**Task directions**
Check every line below for the word "with" and show those that hold it.

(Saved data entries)
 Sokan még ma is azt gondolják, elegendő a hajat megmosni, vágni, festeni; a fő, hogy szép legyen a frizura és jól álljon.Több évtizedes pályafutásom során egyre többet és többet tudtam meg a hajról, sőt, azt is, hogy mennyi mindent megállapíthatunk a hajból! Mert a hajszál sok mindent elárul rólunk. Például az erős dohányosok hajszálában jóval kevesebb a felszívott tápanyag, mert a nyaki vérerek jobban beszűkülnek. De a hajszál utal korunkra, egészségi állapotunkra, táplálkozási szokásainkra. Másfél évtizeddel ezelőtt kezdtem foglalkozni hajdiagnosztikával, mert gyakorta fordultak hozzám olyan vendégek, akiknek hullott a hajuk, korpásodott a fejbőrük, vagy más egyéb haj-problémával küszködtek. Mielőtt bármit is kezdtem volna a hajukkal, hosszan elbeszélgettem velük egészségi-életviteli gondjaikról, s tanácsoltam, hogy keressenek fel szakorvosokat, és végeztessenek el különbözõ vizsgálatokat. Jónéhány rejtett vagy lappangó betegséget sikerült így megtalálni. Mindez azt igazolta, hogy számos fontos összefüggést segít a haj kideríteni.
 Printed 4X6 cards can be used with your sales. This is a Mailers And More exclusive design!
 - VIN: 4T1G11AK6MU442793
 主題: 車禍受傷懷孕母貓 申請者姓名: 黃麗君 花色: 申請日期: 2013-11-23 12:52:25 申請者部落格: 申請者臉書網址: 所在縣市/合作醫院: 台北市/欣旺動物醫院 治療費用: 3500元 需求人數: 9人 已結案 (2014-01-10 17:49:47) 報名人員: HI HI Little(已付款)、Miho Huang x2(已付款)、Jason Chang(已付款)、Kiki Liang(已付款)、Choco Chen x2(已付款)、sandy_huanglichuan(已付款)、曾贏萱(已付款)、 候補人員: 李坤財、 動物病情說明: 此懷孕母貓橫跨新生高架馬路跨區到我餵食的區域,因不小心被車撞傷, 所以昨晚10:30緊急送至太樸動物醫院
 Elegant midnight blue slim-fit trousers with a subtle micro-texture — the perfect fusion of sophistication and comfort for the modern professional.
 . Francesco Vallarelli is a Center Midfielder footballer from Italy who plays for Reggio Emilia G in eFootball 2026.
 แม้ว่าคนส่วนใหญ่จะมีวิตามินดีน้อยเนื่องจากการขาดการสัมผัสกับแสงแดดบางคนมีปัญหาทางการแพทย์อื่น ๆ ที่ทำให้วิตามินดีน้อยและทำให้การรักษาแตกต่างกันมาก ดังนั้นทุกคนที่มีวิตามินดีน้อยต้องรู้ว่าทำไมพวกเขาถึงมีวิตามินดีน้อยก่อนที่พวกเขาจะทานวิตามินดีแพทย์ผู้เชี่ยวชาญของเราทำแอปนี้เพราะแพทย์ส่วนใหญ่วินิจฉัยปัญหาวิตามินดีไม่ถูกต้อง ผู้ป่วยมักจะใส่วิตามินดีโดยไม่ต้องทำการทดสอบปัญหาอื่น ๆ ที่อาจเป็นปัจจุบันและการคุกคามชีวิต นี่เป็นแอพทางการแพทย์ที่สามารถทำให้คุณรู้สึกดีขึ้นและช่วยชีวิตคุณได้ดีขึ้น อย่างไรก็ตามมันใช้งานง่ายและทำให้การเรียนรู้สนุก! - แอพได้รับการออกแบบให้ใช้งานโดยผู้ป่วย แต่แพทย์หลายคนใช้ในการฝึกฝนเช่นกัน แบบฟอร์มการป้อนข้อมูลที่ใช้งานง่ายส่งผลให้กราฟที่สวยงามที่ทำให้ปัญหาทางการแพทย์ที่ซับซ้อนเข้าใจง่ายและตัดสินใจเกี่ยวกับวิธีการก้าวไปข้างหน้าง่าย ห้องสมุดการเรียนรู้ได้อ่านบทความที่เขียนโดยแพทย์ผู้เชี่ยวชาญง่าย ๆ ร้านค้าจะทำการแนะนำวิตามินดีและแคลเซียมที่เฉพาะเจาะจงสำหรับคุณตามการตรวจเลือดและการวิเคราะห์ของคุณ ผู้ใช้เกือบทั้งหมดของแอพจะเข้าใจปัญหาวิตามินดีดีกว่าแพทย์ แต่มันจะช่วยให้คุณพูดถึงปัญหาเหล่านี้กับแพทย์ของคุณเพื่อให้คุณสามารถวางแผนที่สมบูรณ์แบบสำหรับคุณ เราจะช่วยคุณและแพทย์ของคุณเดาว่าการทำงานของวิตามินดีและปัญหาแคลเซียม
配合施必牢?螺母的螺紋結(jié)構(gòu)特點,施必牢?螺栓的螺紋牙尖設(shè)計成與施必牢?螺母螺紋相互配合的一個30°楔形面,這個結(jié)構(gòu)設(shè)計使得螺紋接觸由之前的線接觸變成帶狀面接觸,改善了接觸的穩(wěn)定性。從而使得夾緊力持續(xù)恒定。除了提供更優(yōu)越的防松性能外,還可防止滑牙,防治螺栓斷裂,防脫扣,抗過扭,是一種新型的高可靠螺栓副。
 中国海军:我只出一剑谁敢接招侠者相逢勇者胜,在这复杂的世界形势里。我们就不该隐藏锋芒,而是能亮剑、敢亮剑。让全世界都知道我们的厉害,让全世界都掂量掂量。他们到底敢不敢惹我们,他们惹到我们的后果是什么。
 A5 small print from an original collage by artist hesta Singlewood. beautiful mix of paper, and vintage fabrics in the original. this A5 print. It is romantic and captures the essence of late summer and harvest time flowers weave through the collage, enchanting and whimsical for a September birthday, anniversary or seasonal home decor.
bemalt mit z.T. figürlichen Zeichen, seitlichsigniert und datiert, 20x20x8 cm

**Result**
 Printed 4X6 cards can be used with your sales. This is a Mailers And More exclusive design!
 Elegant midnight blue slim-fit trousers with a subtle micro-texture — the perfect fusion of sophistication and comfort for the modern professional.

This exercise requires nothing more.